Lo último que enfrenta a derecha e izquierda en este delicioso país no es el modelo de sociedad, ni el educativo, ni Afganistán, ni siquiera el huelgón del 29. Lo último es la figura del liberado sindical, donde Esperanza Aguirre metió sus blancas manos y soliviantó el gallinero. Los liberados son un bocado populista de primera calidad para determinado electorado conservador. Poner en ellos la intención política le proporciona a la presidenta Aguirre un aire de valentía, muy de Margaret Thatcher, que se vuelve a llevar en las pasarelas de derechas. Y en un país de 4,6 millones de parados y frecuentes despidos, denunciar a alguien que, al decir currante, "no da palo al agua" y además es intocable, inspira instintos justicieros. En algunos. En las filas de la izquierda, es una agresión a los derechos del trabajador, de los sindicatos y de la democracia misma.
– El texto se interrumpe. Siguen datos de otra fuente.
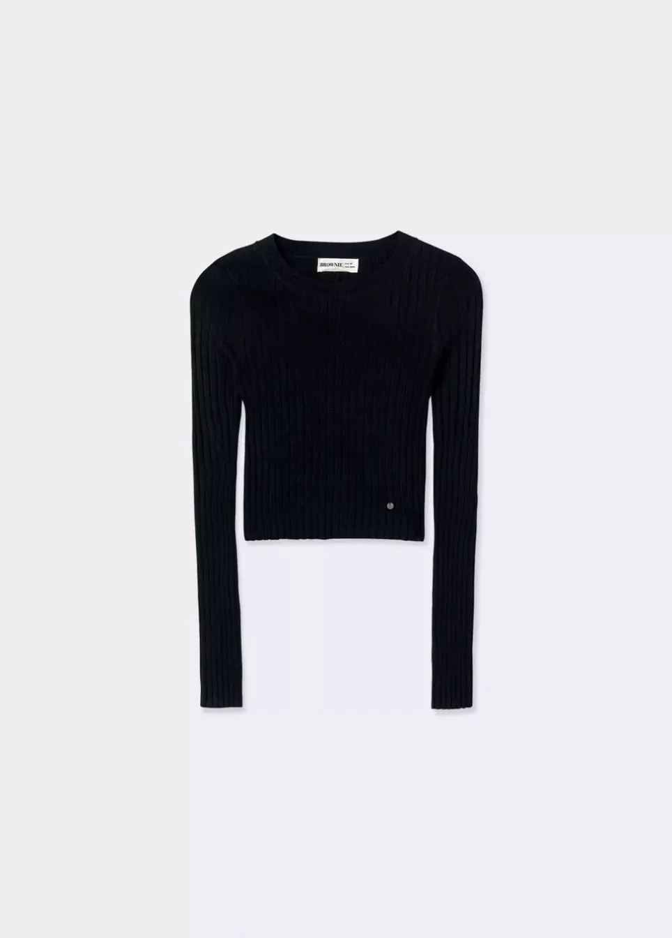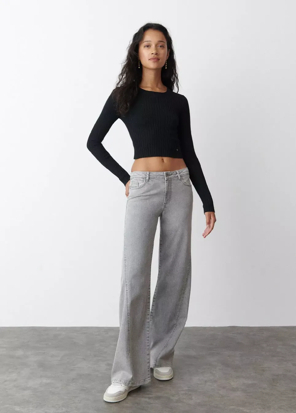 Jersey Cropped Basico De Canale De Manga Larga Y Cuello Redondo.Composicion:
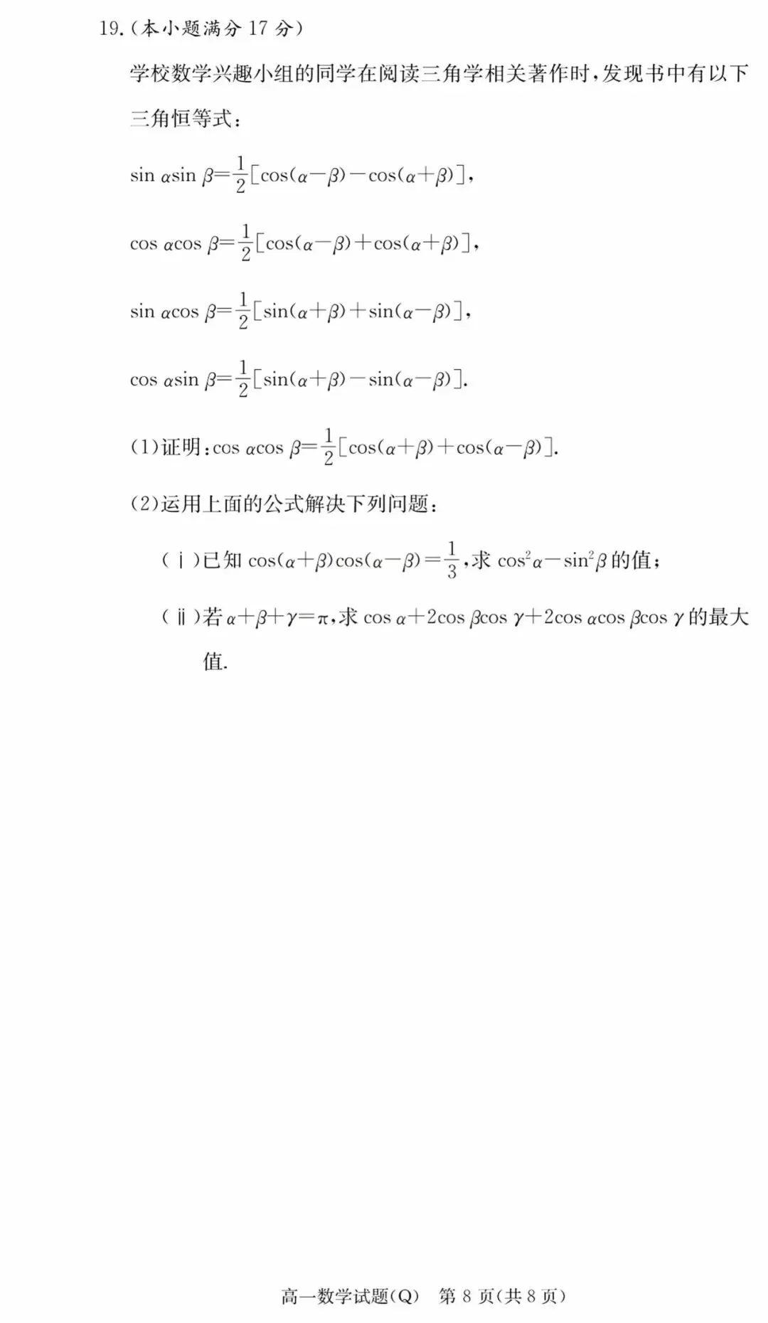 等差数列+三角函数对称性——衡水中学2024届高三上一调T8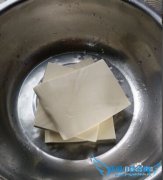 详细操作先准备好4片豆腐,清洗干净切成方块形状,便于炸煎。把准备好的花生油放入锅里,把花生油烧热。然后把切好方块形状的香豆腐倒入锅里,下锅后不要动香豆腐,...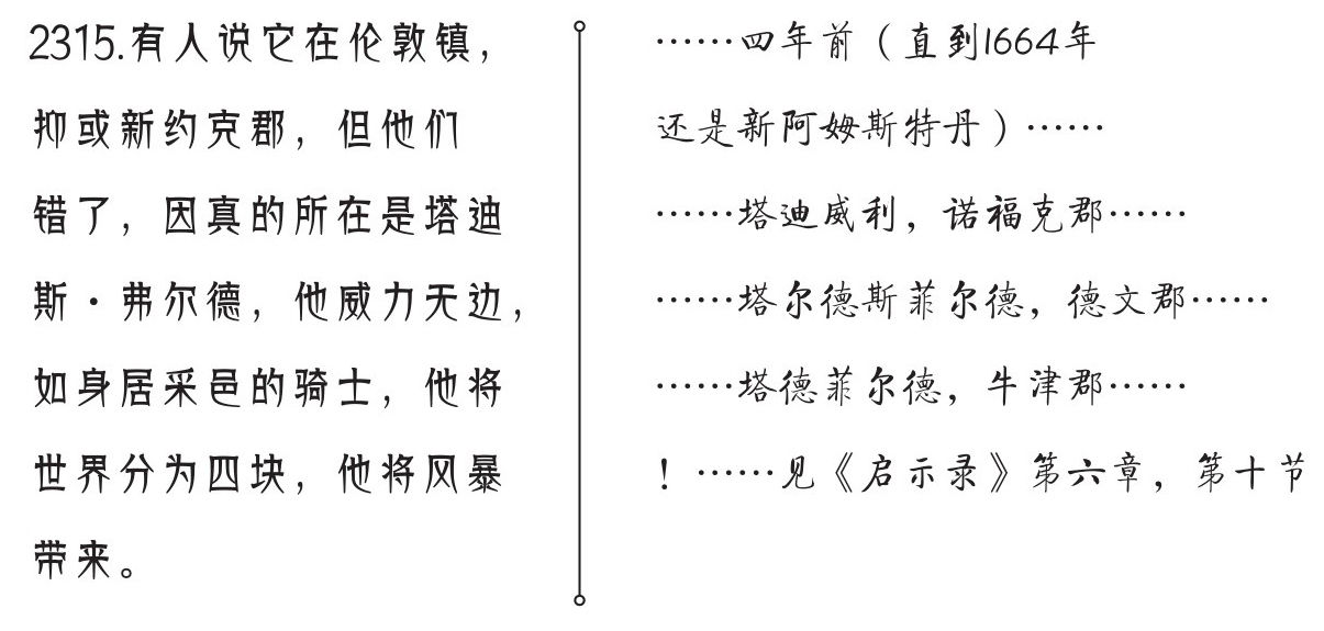 他瞅了一眼安娜丝玛的笔记本。这地方肯定有点不对劲,就算刨去如今似乎已经在全球范围肆虐的UFO和西藏人也一样。塔德菲尔德不仅拥有可以校准时令节气的标准气候,还有极强的抗变化力。唯一一所小笼圈养式农庄没两年就垮了台,被一所老式养猪场所取代,这个农场主让他的猪在苹果园里自由奔跑,并加价出售猪肉。本地的两所学校也十分固执,似乎对教育方式变革有极强免疫力。一条本可以将下塔德菲尔德变成“18号岔路口—快乐小猪休息站”的高速公路,在五里外拐了弯,绕过巨大的半圆然后继续前进,完全没有影响到这个永不改变的乡村孤岛。谁也不知道个中缘由。第一名调查员精神崩溃了,第二名做了修士,第三名跑去巴厘岛画裸女。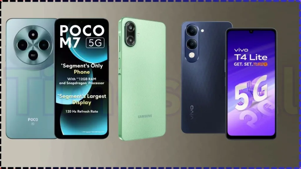 Vivo T4 Lite 5G phone is powered by MediaTek Dimensity 6300 chipset and it also features a large 6000 mAh battery pack with 15W charging support and it sports 6.74 inch HD plus LCD display with 90 Hz refresh rate. In the rear section it features 50 MP + 2 MP camera whereas in front it has 5 MP selfie camera. The phone comes with slim design despite the large battery and it is currently priced around 10,999 rupees.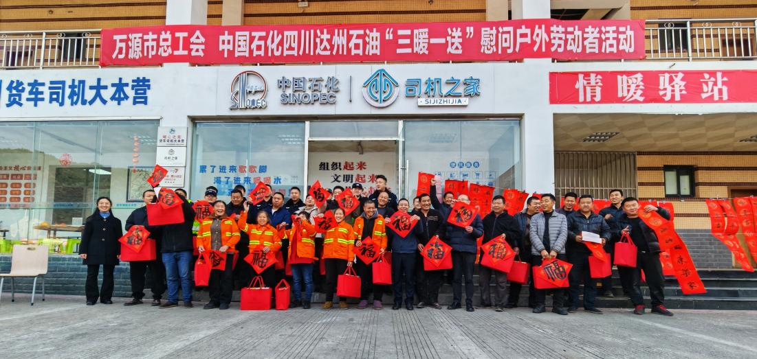 1月15日,正值全国工会服务户外劳动者日,中国石化四川石油分公司联合达州市总工会,在中国石化万源北加能站“工会驿站·爱心驿站”开展“三暖一送”新春慰问活动。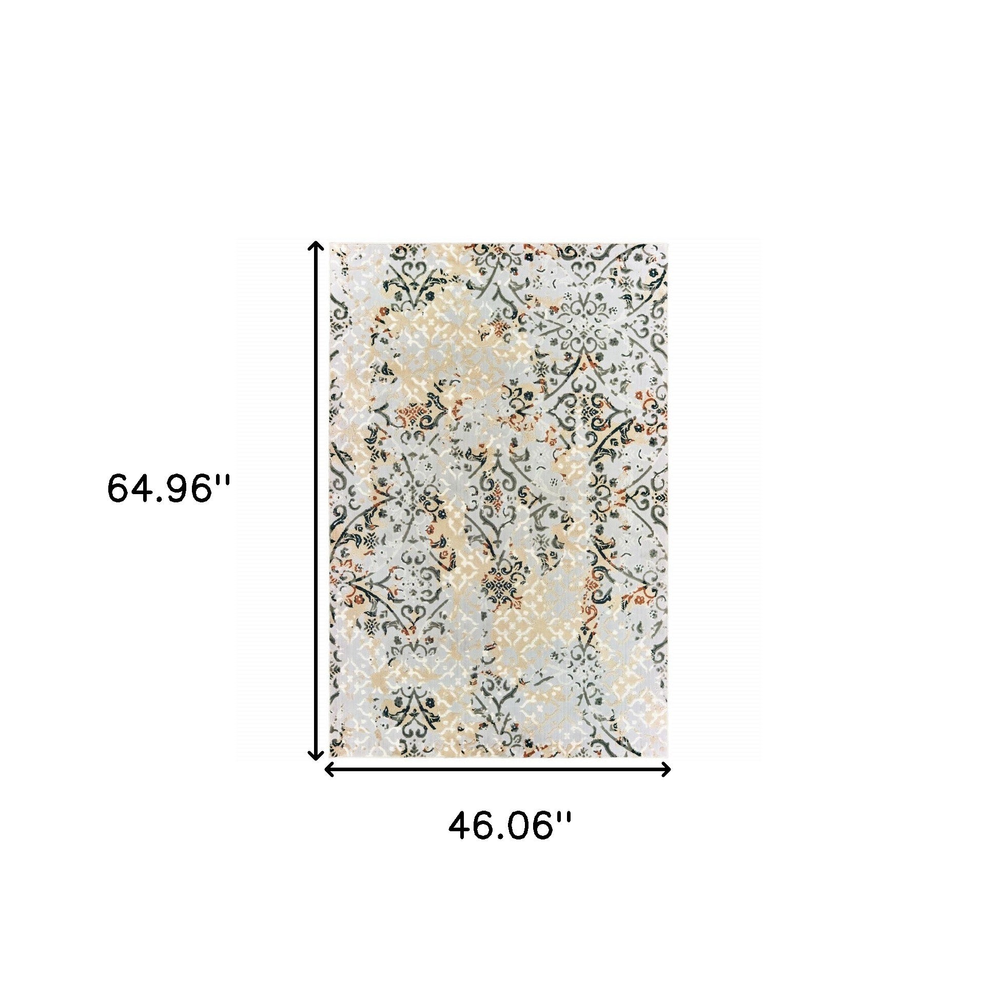 4' X 6' Grey And Gold Abstract Power Loom Stain Resistant Area Rug

Aquí nadie anda con medias tintas.
Sin embargo, la señora Aguirre, cuya audacia pasará a la historia, todavía no hizo nada del otro mundo. Ni siquiera concretó sus intenciones. Se limitó a anunciar que ajustará el número de liberados al que les corresponde por ley en el sector público regional. Pero, como en Madrid gobierna la prensa, que pone y quita ministros -sobre todo ministras-, la verdad oficial es la dicha en letra impresa: va a por los liberados, lo cual le reportará un ahorro de 70 millones de euros/ año. Una pasta. Yo sólo digo: si sólo se trata de cumplir las leyes (Libertad Sindical y Estatuto de los Trabajadores), ¿dónde está el problema? Si hay una ilegalidad, los sindicatos debieran ser los primeros en corregirla. Y si esa ilegalidad ocurrió en el sector que administra Aguirre, es ella quien tiene que responder y enmendar.
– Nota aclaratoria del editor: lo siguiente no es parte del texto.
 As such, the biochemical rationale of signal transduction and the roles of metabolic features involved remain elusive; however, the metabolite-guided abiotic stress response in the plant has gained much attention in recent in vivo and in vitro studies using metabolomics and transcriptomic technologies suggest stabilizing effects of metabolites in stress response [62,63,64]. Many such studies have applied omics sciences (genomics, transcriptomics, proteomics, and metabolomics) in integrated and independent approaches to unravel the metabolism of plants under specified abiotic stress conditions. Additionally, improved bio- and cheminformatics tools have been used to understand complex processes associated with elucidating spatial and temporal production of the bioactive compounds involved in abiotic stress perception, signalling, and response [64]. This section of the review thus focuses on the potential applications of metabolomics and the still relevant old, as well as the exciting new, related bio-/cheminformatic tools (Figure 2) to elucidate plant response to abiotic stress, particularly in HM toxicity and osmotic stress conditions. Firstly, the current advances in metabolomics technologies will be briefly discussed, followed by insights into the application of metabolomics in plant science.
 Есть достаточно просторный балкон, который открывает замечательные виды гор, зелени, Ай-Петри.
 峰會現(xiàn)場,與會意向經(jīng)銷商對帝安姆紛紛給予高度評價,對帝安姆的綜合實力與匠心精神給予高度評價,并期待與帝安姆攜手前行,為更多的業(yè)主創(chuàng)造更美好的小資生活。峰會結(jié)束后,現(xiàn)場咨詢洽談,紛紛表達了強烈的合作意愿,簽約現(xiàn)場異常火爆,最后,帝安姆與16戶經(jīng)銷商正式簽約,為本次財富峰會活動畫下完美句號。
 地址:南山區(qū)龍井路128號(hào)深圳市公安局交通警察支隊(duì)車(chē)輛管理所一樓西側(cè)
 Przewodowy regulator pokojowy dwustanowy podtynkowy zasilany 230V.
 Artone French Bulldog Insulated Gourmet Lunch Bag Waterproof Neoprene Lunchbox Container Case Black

Lo que ocurre es que este escarceo ha servido para descubrir la existencia de un enigma: no se sabe cuántos liberados hay en empresas y organismos públicos. El Gobierno central lo oculta como un delito, lo cual hace sospechar lo peor. Una diputada del PP hizo cien preguntas en el Congreso, y es como si hubiera preguntado cuántas veces fornica un ministro: de eso no se habla. Así se formó la opinión pública que late bajo la polémica: cuando algo se oculta, es que algo muy gordo hay que esconder. El resto es literatura rimbombante de las dos Españas, siempre dispuestas a relucir las mejores navajas de las contiendas: derecha antiobrera, sindicatos de la mamandurria y otras delicadezas.
Estamos en España, señores. En vez de denunciar los abusos que puedan existir, se da por supuesto que todo es un abuso. En vez de corregir los excesos, se meten en la trinchera para invocar la agresión. En vez de fomentar la transparencia, se crea un sector opaco y, por tanto, indefendible. Y en vez de sentarse a hablar de forma razonable, se pelean con tono beligerante. Ni un dato; sólo la agresión. Y todo esto, a menos de dos semanas de la huelga general. ¡Viva la oportunidad!